━━━━━ Dataset ━━━━━
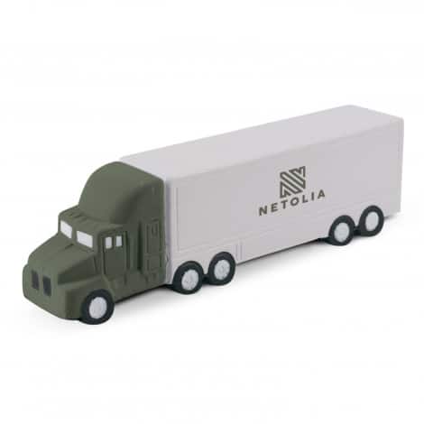 Squeezable truck-shaped stress reliever made from soft polyurethane.
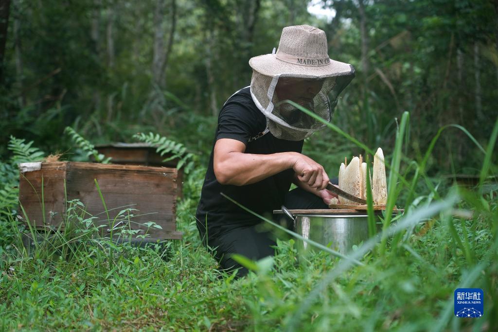村民刘煌平在收获蜂蜜(8月24日摄)。
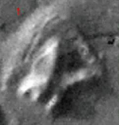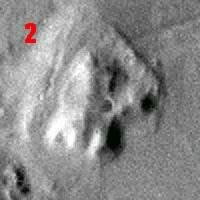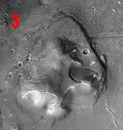 Images of the Fort taken by the MGS reveal that its interior is less geometrical than hinted at in the Viking pictures. Although the interior is subsided, it does not form a "courtyard" or "courtyards". The ramparts effect seen in the Viking images is thus an illusion. There seems to be no further reason to think that it is an unfinished arcology. This is a great disappointment because an arcology abandoned in it construction phase would probably have provided proof of the arcology model of Cydonia. Dr. Mark J. Carlotto has attributed the "rampart" and "courtyard" effect in the Viking images to the shadow thrown by the Fort's higher western ridge. However, I believe the main culprit is the dark colour of the landslides within the Fort's interior. Illustration #4 above is a deliberately degraded version of the MGS image (illustration #3) in order to replicate the Viking camera's level of resolution. It can be seen that the landslides immediately make the Fort's interior look very mysterious again.
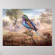 De uma pintura de óleo original de Brenda Thour de um pássaro colorido chamado Africano Lilac Brested Roller sentado em um galho com elefantes em fundo empoeirado. Foto de referência do Dr. Thomas Trainer. Copyright de Brenda Thour 2006.
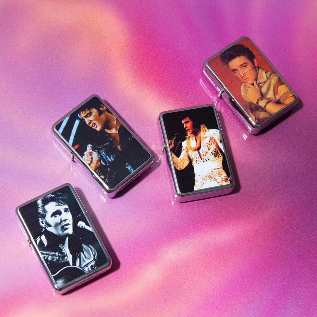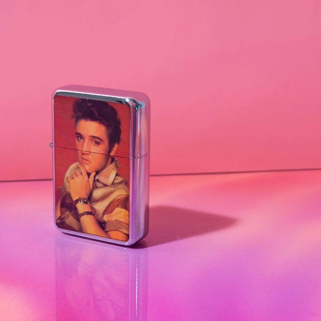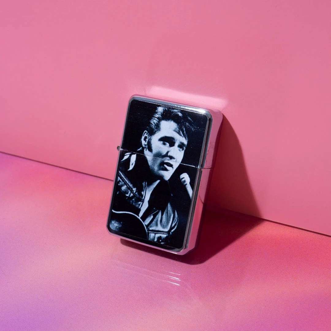For when you got that burning love, flip open your Elvis Presley reusable lighter. Coming in 4 different picture styles that range Elvis’s early to later Vegas career moments. Which one are you gonna pick? The metal refillable lighter can be stored its metal storage tin to keep it in tip top shape.
━━━━━
To do →
An exact transcription of the data above is needed, without the pictures.

Written solution →
 Squeezable truck-shaped stress reliever made from soft polyurethane.
村民刘煌平在收获蜂蜜(8月24日摄)。
 Images of the Fort taken by the MGS reveal that its interior is less geometrical than hinted at in the Viking pictures. Although the interior is subsided, it does not form a "courtyard" or "courtyards". The ramparts effect seen in the Viking images is thus an illusion. There seems to be no further reason to think that it is an unfinished arcology. This is a great disappointment because an arcology abandoned in it construction phase would probably have provided proof of the arcology model of Cydonia. Dr. Mark J. Carlotto has attributed the "rampart" and "courtyard" effect in the Viking images to the shadow thrown by the Fort's higher western ridge. However, I believe the main culprit is the dark colour of the landslides within the Fort's interior. Illustration #4 above is a deliberately degraded version of the MGS image (illustration #3) in order to replicate the Viking camera's level of resolution. It can be seen that the landslides immediately make the Fort's interior look very mysterious again.
 De uma pintura de óleo original de Brenda Thour de um pássaro colorido chamado Africano Lilac Brested Roller sentado em um galho com elefantes em fundo empoeirado. Foto de referência do Dr. Thomas Trainer. Copyright de Brenda Thour 2006.
For when you got that burning love, flip open your Elvis Presley reusable lighter. Coming in 4 different picture styles that range Elvis’s early to later Vegas career moments. Which one are you gonna pick? The metal refillable lighter can be stored its metal storage tin to keep it in tip top shape.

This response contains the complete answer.